Mitochondria regulate the innate immune system through the following two primary pathways: the cyclic GMP−AMP synthase (cGAS)−stimulator of interferon genes (STING) signaling and the NLR pyrin domain containing 3(NLRP3) inflammasome signaling [69,70]. Mitochondrial damage may induce the efflux of mtDNA into the cytosol via BAX/BAK macropores, mPTP opening, and VDAC oligomerization [16,69]. The cGAS−STING pathway has emerged as a crucial mechanism linking the detection of cytosolic mtDNA to the initiation of inflammatory responses [56,70]. cGAS acts as a cytosolic double-stranded DNA sensor that recognizes cytosolic mtDNA and catalyzes the production of the second messenger molecule 2′3′ cyclic GMP−AMP (cGAMP) [69,70]. Upon the binding of cGAMP to STING dimers, STING undergoes oligomerization and translocates from the ER to the cis-Golgi network. Subsequently, STING migrates to the trans-Golgi network where it clusters through palmitoylation-dependent accumulation of cholesterol [71]. The clustering of STING facilitates the recruitment and activation of TANK-binding kinase 1 (TBK1), resulting in STING phosphorylation [56,69,71]. Active TBK1 then phosphorylates the transcription factor interferon regulatory factor 3 (IRF3), promoting IRF3 dimerization and translocation to the nucleus to initiate the type I interferon (IFN) response [16,56,69,70]. Moreover, STING activates the NF-κB signaling pathway by phosphorylating the IκB/IκB kinase (IKK) complex, leading to the upregulation of proinflammatory cytokines, such as IFN−β1, interleukin-6 (IL−6), and TNF [56,69].
The NLRP3 inflammasome signaling is activated by both mtDNA and mitochondrial ROS released from stressed mitochondria [56,69]. This multiprotein complex comprises the cytosolic sensor NLRP3, the adapter protein apoptosis-associated speck-like protein containing a CARD (ASC), and the effector pro-caspase-1, leading to caspase-1-mediated proteolytic maturation and the secretion of IL−1β and IL−18 [69,72,73]. Oxidized mtDNA (Ox−mtDNA) is generated when mtDNA is exposed to mitochondrial ROS during mitochondrial dysfunction, and it is released into the cytosol through mPTP- and VDAC-dependent channels.
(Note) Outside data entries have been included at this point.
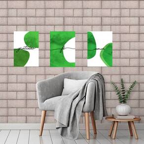 Kit 3 Placas Gratidão Fé Amor Verde 18x27cm
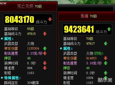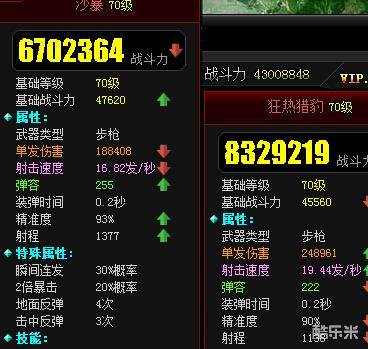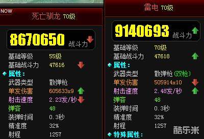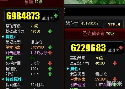 9、堆战力的武器选择依旧是新、老版竞技手枪+轰锤、雷电赤龙或野手枪,如果你的野手枪比赤龙、雷电还低,说明你的野手枪不够高战。玩家之间对比极品手枪的方法是:把70野手枪装上66零件放在躶体队友上,凡是超过62W的,用对了套装一定比赤龙雷电战力高。
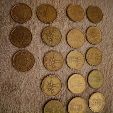 14 x 1 kroner i guldfarvet stand
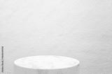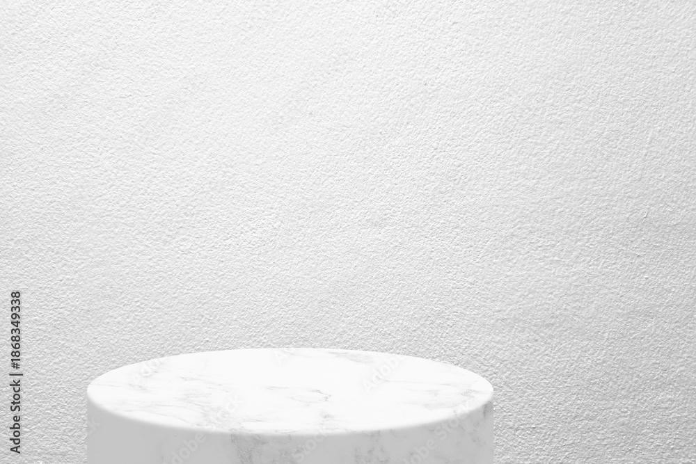 White Marble Product Display Stand on Concrete Wall Background.
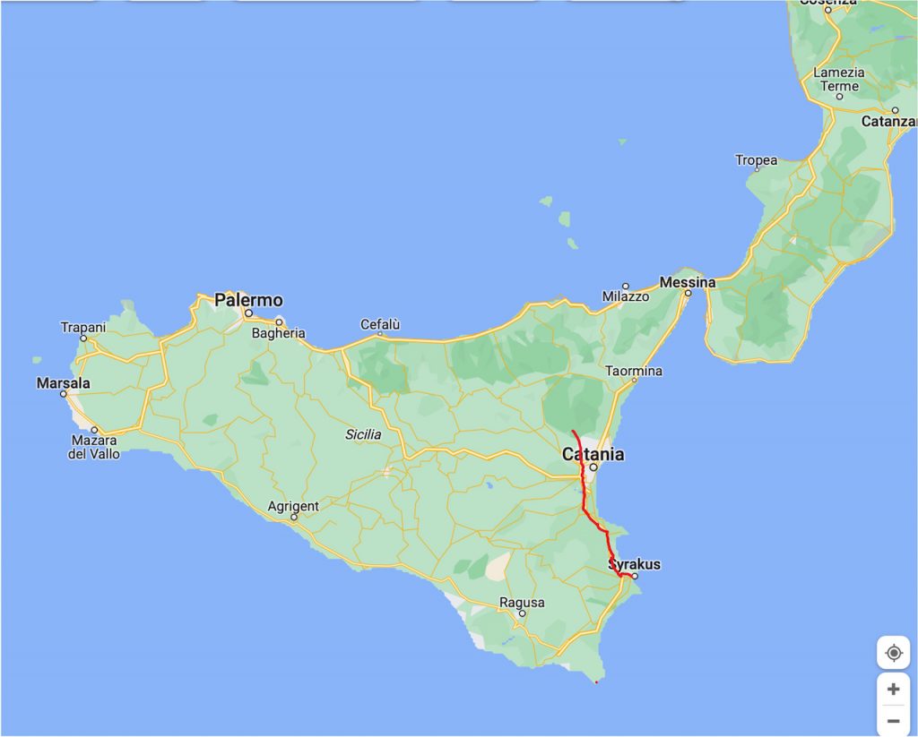 03.05.23 Wir wollten direkt die relativ kurze Strecke von knapp 80 Kilometer nach Nicolosi fahren. Nicolosi sollte der Ausgangspunkt für eine Wanderung auf den Ätna werden. Beim Packen haben wir dann aber leider festgestellt, dass uns die Räder für Tammys Fahrradanhänger fehlen. Nachdem wir auf dem aktuellen Campingplatz den Standplatz dem ersten Tag gewechselt hatten, war die Vermutung, dass wir bei dem Umzug, die Räder vergessen hatte. Also am alten Platz gesucht aber da waren keine Räder. Zu Sicherheit noch bei den Mülltonnen geschaut aber auch da waren die Räder nicht. Also war die Vermutung, dass wir die Räder an letzten Campingplatz vergessen hatten. Dort haben wir angerufen, aber das hat nichts ergeben, da der Typ kein Wort Englisch verstanden hat und dachte, wir wollen einen Platz buchen. Also sind wir nochmal zurück zum letzten Campingplatz Camping Carratois. Aber auch da waren die Räder leider nicht. Also sind wir dann mit einigem Umweg und ohne die Räder für Tammys Fahrradanhänger nach Nicolosi gefahren. Dort haben wir auf dem Campingplatz Mons Gibel eingecheckt. Nachmittags sind wir dann noch zur Station der Bergführer an der Liftstation am Ätna gefahren, um für den nächsten Tag eine geführte Tour auf den Ätna zu organisieren. Denn, ohne Bergführer darf man nicht höher als 2.500 Meter wandern.
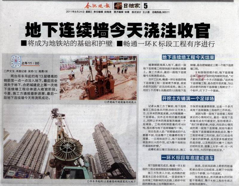 合肥晚報(bào)重點(diǎn)報(bào)道一環(huán)K標(biāo)地下連續(xù)墻施工 發(fā)布時(shí)間:2011年08月29日 來(lái)源: 發(fā)布人: 作者: 瀏覽:3141次
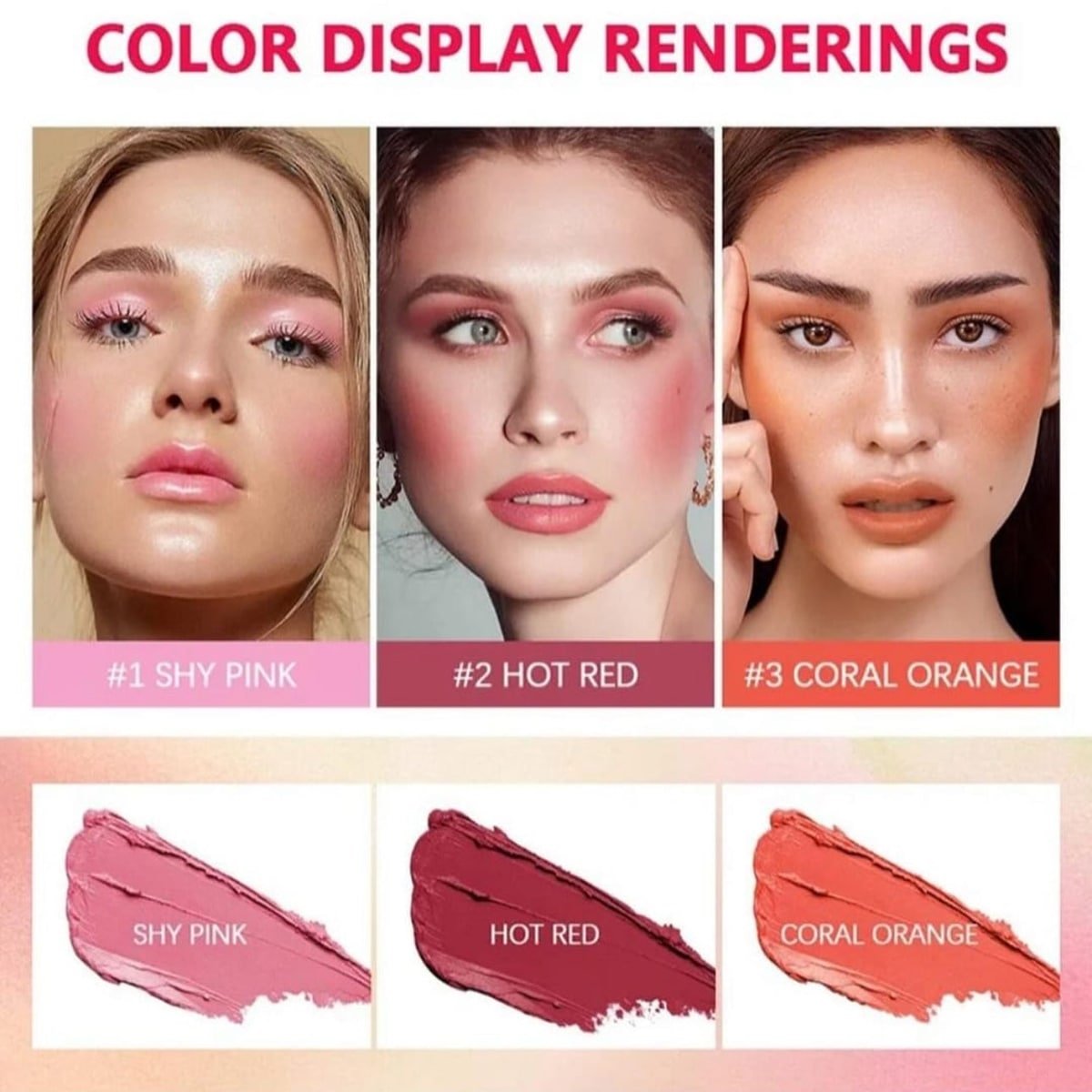 SHY PINK ,HOT RED ,CORAL ORANGE |
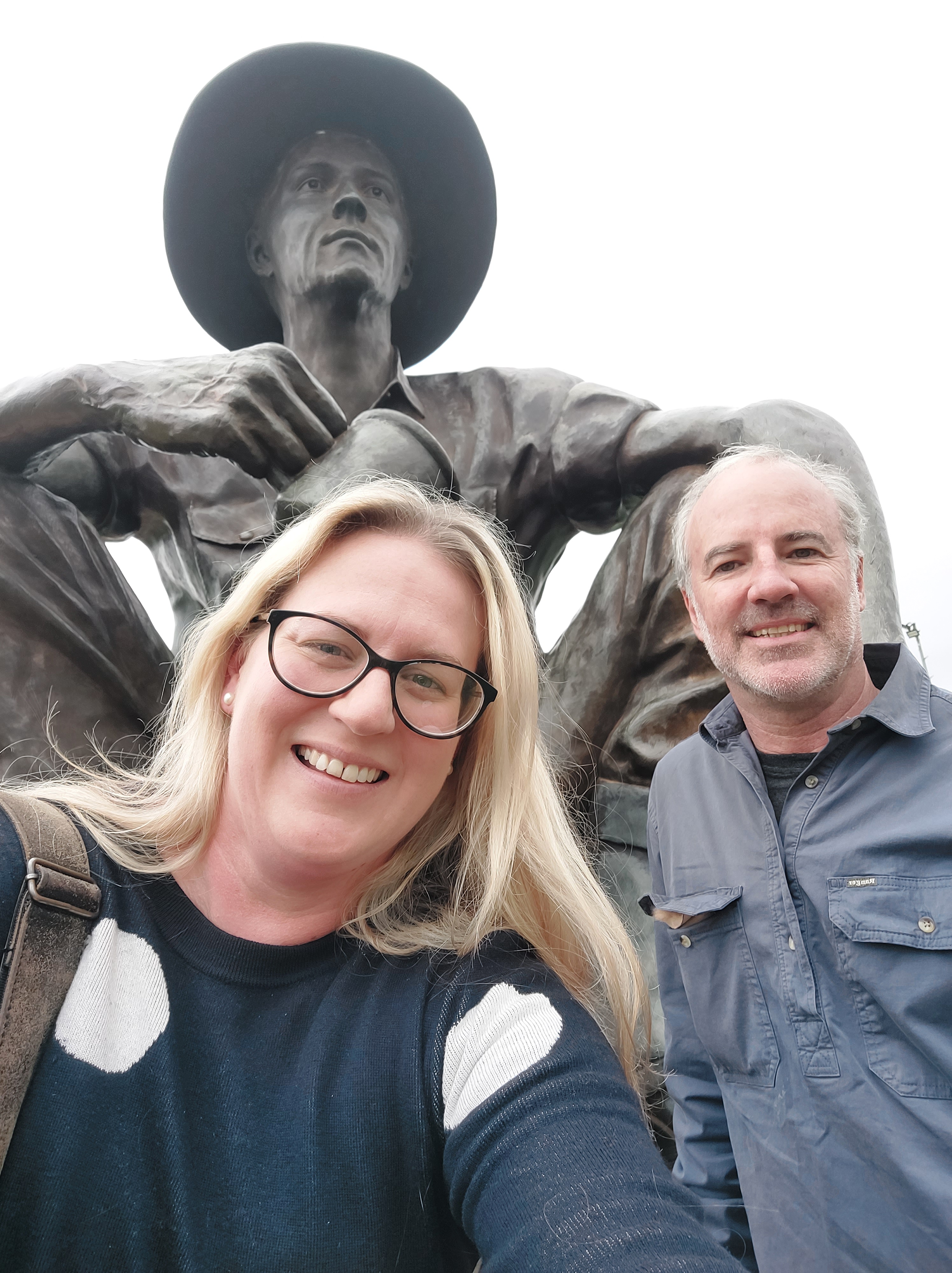 Once in Cunnamulla we headed to the Cunnamulla Fella Visitor Information Centre, where we met the lovely Carmel who showed us the features of their facility. The VIC also includes the town’s museum, which was a brilliant mix of thematic displays, local stories and audiovisual experiences. We loved some of the moving and quirky stories behind the collections, including the town band who came out and played at the railway station for every returning serviceperson in World War Two, and the stories of the local boxing gym and legendary coach Bill Johnstone, complete with miniature boxing ring. The museum also included an audiovisual experience exploring the artesian basin and opal mining, with associated audiovisual experiences looking at shearing and wool, and the largest cattle station in Australia – Tinnenburra. The collection of king plates from local First Nations leaders were also special to see.

The accumulation of Ox−mtDNA in the cytosol binds to NLRP3, triggering the assembly and activation of the NLRP3 inflammasome, along with STING Ser365 phosphorylation [72]. However, the mechanism by which mtROS and mtDNA activate the NLRP3 inflammasome remains unclear due to the absence of DNA recognition or binding domains within the NLRP3 receptor. Optimal NLRP3 inflammasome activation involves physical interactions between NLRP3 and cardiolipin, a mitochondrial phospholipid, as well as thioredoxin-interacting protein (TXNIP), a pro-oxidant protein that translocates from the nucleus to the mitochondria under oxidative and endoplasmic reticulum (ER) stress [12,56]. Interestingly, STING also activates the NLRP3 inflammasome in response to cytosolic DNA stimulation by promoting NLRP3 localization in the ER and facilitating NLRP3 inflammasome formation. STING interacts with NLRP3 to inhibit K48- and K63-linked polyubiquitination, thereby promoting NLRP3 inflammasome activation [74]. Thus, various mitochondrial components and products released during mitochondrial dysfunction promote inflammatory responses through the activation of cGAS−STING signaling and NLRP3 inflammasome signaling. Although recent studies have focused on the relationship between the cGAS−STING signaling axis and the NLRP3 inflammasome due to their similarities in responding to cellular stress and their downstream effects, their biological relevance and physical interaction have yet to be confirmed. Significant questions remain, including whether the NLRP3 inflammasome can activate the cGAS−STING signaling pathway, which signaling pathway is predominantly activated by specific cellular stress conditions, and which signaling pathway contributes more to the progression of inflammation-related diseases.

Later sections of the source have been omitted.